What did Einstein win the Nobel Prize for in 1921?

What color hair was Einstein born with?

In the book “Driving Mr. Albert,” Michael Paterniti and Thomas Harvey rode across country to deliver something to Einstein's granddaughter. What was it?

If you answered “physics, black and Einstein's brain” to the above questions, you could very well have won some free drinks had you been at the recent Penn Science Café at University City's MarBar.

Penn News Officer Greg Lester kicked off the evening's program—part of a new lecture series intended to “take science out of the laboratory and treat it to a night on the town” —by flinging Einstein trivia questions at a substantial crowd gathered to hear physics and astronomy professor Vijay Balasubramanian expound on the famous scientist's “annus mirabilis.”

It was 100 years ago when Einstein published his four brilliant scientific papers that revolutionized our understanding of the universe. These included the groundbreaking 1905 paper on special relativity that fundamentally changed our picture of space and time.

Balasubramanian's task was to shed light on the mind-boggling nature of special relativity and quantum physics. He did so with the aid of a blue marker, a dry erase board, a couple of balloons and an animated lecture style that had the audience chuckling through their furrowed brows. As Balasubramanian talked about the “amazing summer” when Einstein set the groundwork for quantum theory, Brownian motion and special relativity, he emphasized the counterintuitive nature of Einstein's discoveries.

To illustrate the fact that motion does not exist for things moving at a constant speed, he asked his audience to take note next time they were on an Amtrak train. “When the train next to you begins to move, you will have the illusion that your train is moving backwards. For a moment, you don't know.”

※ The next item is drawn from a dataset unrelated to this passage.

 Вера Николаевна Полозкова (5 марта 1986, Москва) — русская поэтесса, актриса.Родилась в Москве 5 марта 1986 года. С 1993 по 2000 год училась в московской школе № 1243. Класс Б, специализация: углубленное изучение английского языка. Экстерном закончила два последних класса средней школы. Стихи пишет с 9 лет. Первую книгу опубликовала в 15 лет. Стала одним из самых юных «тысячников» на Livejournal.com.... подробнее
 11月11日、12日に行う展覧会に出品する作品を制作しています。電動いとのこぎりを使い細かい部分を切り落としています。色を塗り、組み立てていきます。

What special relativity teaches us, he said, “is that we have to liberate ourselves from our imagination since space and time are merged.” Balasubramanian encouraged the audience to ask questions during his talk, as well as after, and he was rewarded with numerous smart, if perplexed, queries, many originating from the bartender.

After tying the audience up in cerebral knots and offering to answer questions about “any subject at all,” the good natured professor demonstrated the theory of universal expansion by blowing up a balloon, on which he had drawn a grid. As he halted midway to regain his breath, he noted ruefully, “There are no pauses in universal expansion.”

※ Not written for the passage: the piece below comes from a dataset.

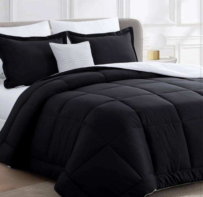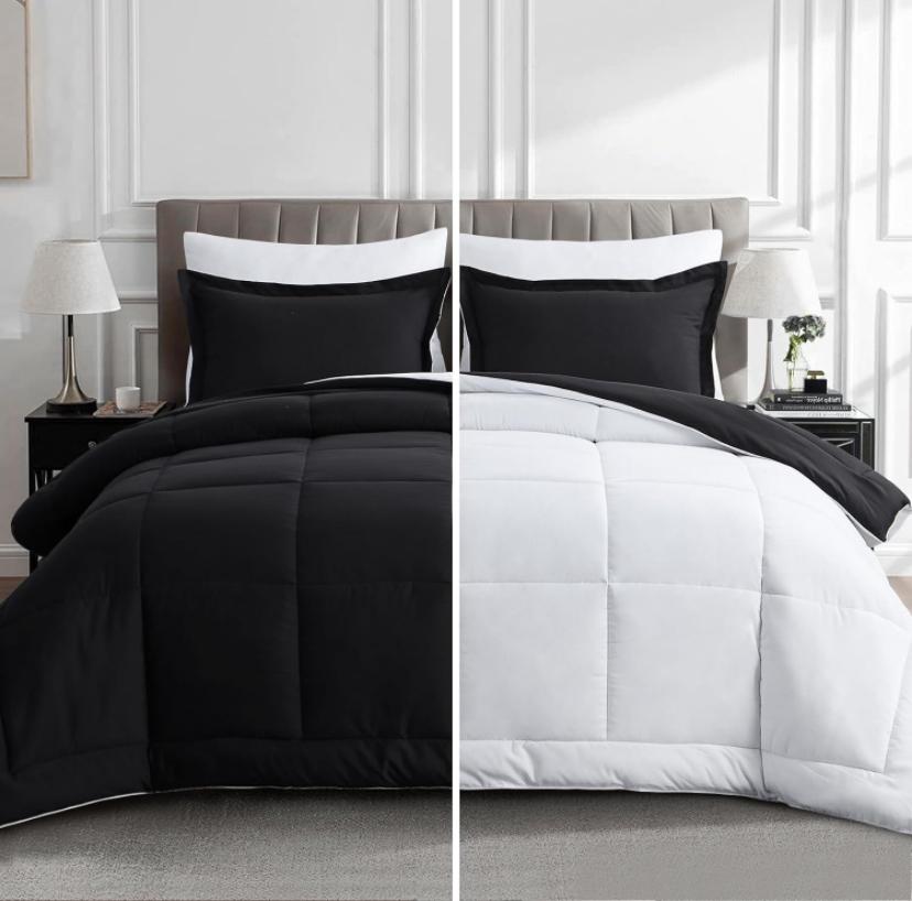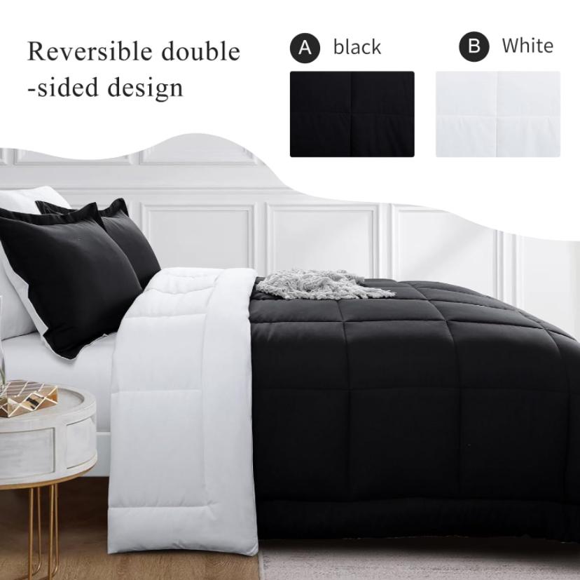 - Reversible Design: Enjoy the flexibility of two looks in one with our reversible comforter. Choose between the crisp white or the sophisticated black side to match your bedroom decor.

Throughout the presentation, audience members were able to order food and drinks from an attentive duo of waitresses who nimbly steered a course among the sofas, banquettes and free-standing chairs. A popular beverage choice was the “Big Bang,” specially concocted for the evening, with the promise that it would “create a universe of taste sensation in your brain.”

The next Science Café will take place April 20 and will feature Assistant Professor of Earth and Environmental Science Ben Horton speaking on “Lessons of the Tsunami: Birth of the Great Wave and a Hope for Early Warning.” Doors open at 5:30 p.m. Talk begins at 6 p.m. at the MarBar, 40th and Walnut streets.